[Data records]

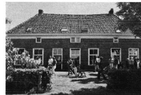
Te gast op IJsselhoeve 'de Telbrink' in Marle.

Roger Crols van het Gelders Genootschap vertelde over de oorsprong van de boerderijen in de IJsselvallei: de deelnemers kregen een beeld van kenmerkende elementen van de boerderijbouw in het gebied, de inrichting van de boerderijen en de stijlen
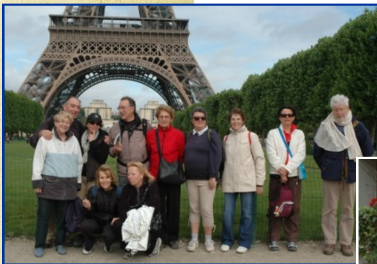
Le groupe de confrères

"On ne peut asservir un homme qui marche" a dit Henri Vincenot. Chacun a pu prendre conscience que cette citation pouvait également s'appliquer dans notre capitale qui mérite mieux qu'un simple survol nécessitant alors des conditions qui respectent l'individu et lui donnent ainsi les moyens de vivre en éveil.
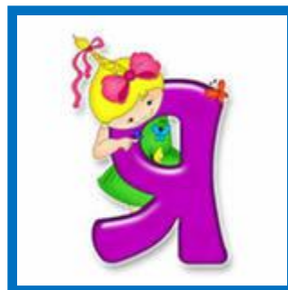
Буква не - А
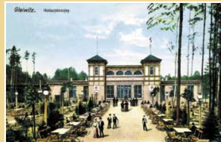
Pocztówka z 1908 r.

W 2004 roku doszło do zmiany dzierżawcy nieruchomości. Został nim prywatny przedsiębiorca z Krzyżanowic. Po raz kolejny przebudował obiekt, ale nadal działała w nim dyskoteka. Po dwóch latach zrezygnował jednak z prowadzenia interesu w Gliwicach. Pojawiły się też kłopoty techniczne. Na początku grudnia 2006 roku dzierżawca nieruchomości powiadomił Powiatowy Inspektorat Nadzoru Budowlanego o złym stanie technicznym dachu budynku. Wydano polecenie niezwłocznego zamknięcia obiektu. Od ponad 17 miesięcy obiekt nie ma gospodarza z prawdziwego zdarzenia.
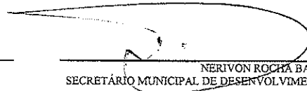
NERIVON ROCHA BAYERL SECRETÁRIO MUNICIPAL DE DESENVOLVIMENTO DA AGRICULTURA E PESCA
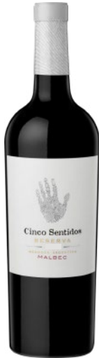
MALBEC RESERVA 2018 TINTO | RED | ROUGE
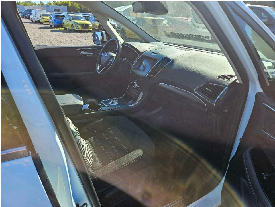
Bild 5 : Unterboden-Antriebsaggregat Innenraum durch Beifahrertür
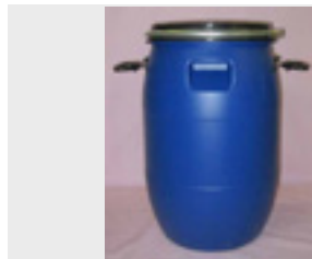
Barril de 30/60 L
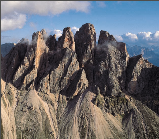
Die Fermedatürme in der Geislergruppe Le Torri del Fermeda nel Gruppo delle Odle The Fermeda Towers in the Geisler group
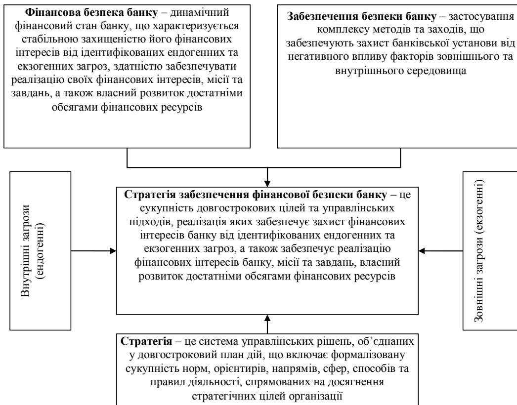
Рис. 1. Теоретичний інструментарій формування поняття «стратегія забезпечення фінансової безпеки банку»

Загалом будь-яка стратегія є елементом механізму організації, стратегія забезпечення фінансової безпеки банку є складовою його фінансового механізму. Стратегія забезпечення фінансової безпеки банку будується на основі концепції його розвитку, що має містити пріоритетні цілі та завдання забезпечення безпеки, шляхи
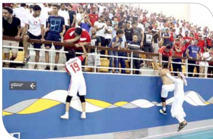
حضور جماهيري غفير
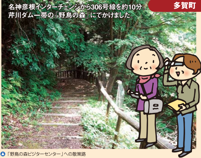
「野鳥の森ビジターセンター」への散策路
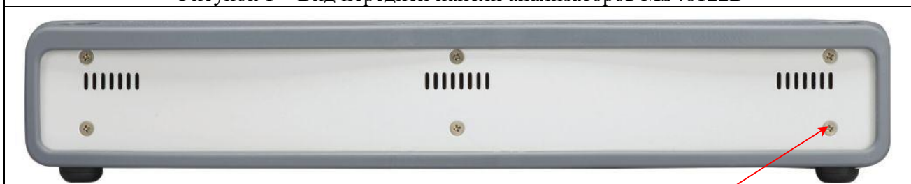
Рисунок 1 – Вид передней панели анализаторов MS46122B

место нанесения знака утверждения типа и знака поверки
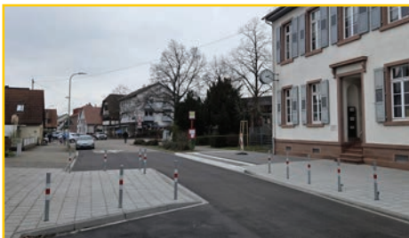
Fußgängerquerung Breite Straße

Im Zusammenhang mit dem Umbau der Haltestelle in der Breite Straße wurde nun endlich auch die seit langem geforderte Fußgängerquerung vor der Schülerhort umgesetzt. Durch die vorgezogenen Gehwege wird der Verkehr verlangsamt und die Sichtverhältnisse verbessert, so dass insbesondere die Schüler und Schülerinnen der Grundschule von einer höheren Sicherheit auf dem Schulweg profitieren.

# [THE TASK]
Set down word for word the lines from the first entry through the line with "W 2004 roku", both included, omitting pictures.

# [TASK SOLUTION]
Te gast op IJsselhoeve 'de Telbrink' in Marle.

Roger Crols van het Gelders Genootschap vertelde over de oorsprong van de boerderijen in de IJsselvallei: de deelnemers kregen een beeld van kenmerkende elementen van de boerderijbouw in het gebied, de inrichting van de boerderijen en de stijlen
Le groupe de confrères

"On ne peut asservir un homme qui marche" a dit Henri Vincenot. Chacun a pu prendre conscience que cette citation pouvait également s'appliquer dans notre capitale qui mérite mieux qu'un simple survol nécessitant alors des conditions qui respectent l'individu et lui donnent ainsi les moyens de vivre en éveil.
Буква не - А
Pocztówka z 1908 r.

W 2004 roku doszło do zmiany dzierżawcy nieruchomości. Został nim prywatny przedsiębiorca z Krzyżanowic. Po raz kolejny przebudował obiekt, ale nadal działała w nim dyskoteka. Po dwóch latach zrezygnował jednak z prowadzenia interesu w Gliwicach. Pojawiły się też kłopoty techniczne. Na początku grudnia 2006 roku dzierżawca nieruchomości powiadomił Powiatowy Inspektorat Nadzoru Budowlanego o złym stanie technicznym dachu budynku. Wydano polecenie niezwłocznego zamknięcia obiektu. Od ponad 17 miesięcy obiekt nie ma gospodarza z prawdziwego zdarzenia.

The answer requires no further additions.